It also didn't set up the database user permissions correctly, causing a 500 error until we manually fixed it. Even then — empty database.
Verdict: Flash spent $0.05 to create a search form that searches nothing. A monument to speed without substance.
F — GPT-5.4-nano ($0.03, 5m 24s)
Complete failure. 23 API calls over 5 minutes and nothing was built — no Apache, no database, no website files. The server was left essentially untouched. Nano couldn't even get past basic server configuration.
Verdict: At $0.03, the financial cost is trivial. But "no website" is the worst possible result. Nano is simply not capable of this kind of autonomous multi-step task.
F — GPT-5.4 Pro ($12.47, 32m — abandoned)
We had to pull the plug.
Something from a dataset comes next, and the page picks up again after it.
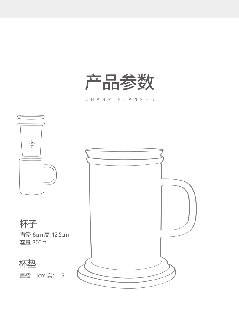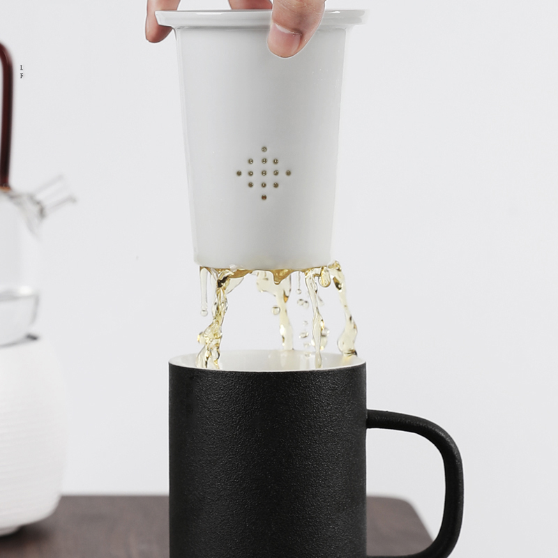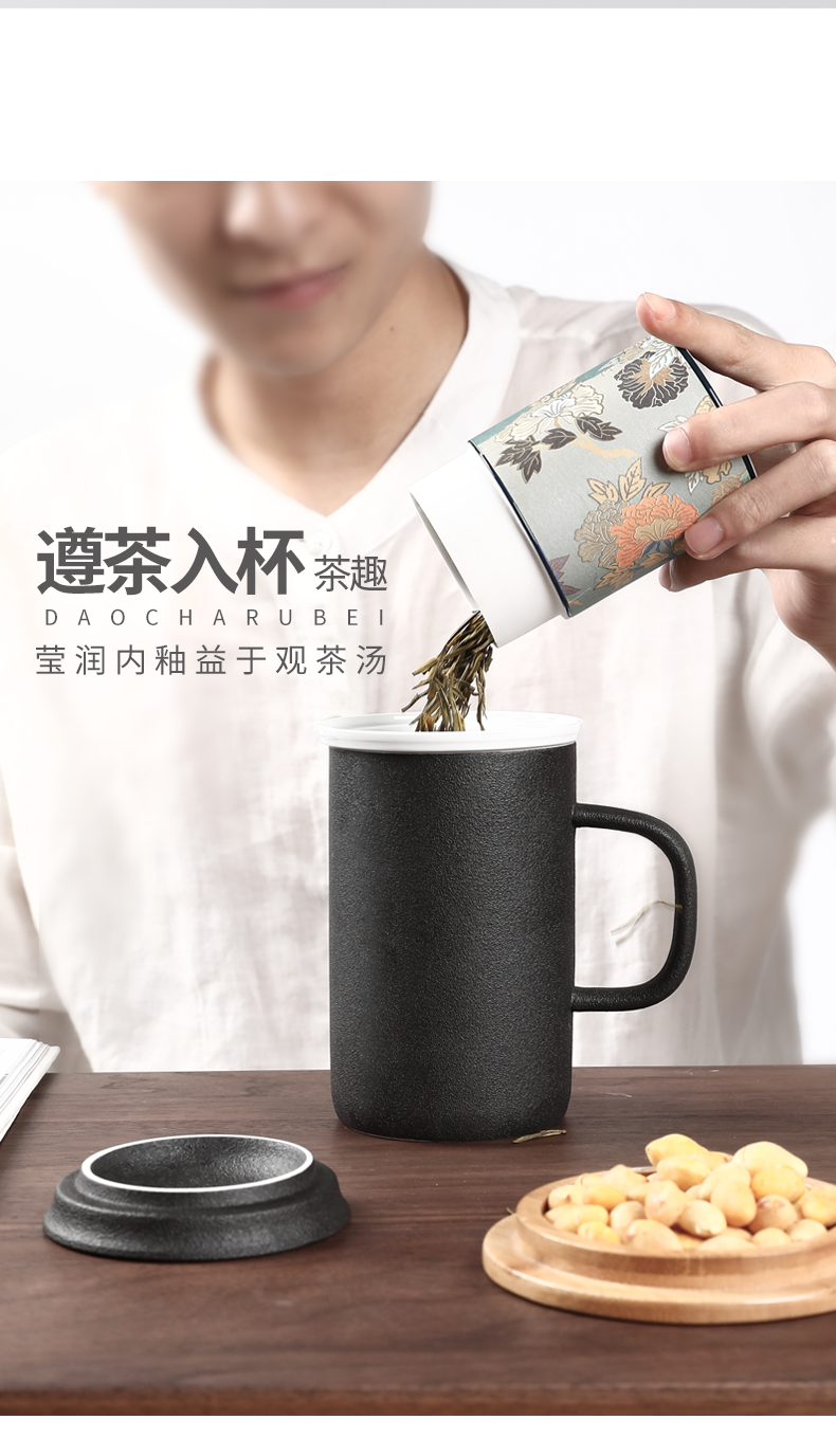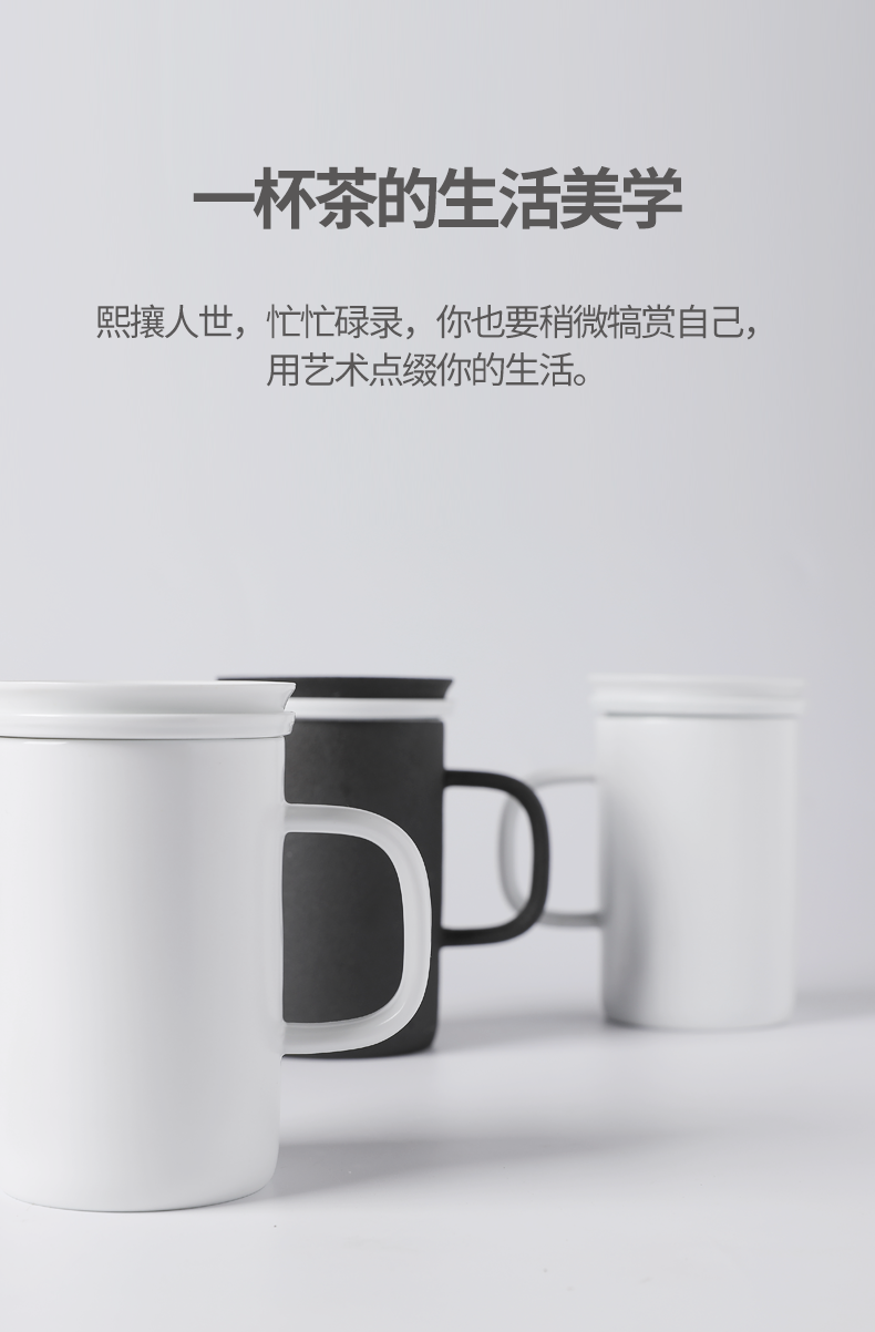 老夫子马克杯定制 带盖过滤杯垫茶杯家用陶瓷水杯 办公室泡茶杯子

After 32 minutes and $12.47, GPT-5.4 Pro had made 17 API calls and accomplished exactly one thing: checking what software was installed on the server. It hadn't run apt install. It hadn't created a single file. It hadn't configured Apache. It was still "tinkering" — planning its approach while burning through $30/1M input tokens and $180/1M output tokens.
At 113 seconds per API call with 0% cache hits, this was on track to cost $50-100+ and take 3+ hours. We killed it.
Verdict: The most expensive model in the world, and it couldn't get past whoami. GPT-5.4 Pro may excel at complex reasoning tasks, but autonomous server setup isn't one of them. The $12.47 it burned doing nothing is more than Sonnet spent building an entire working site.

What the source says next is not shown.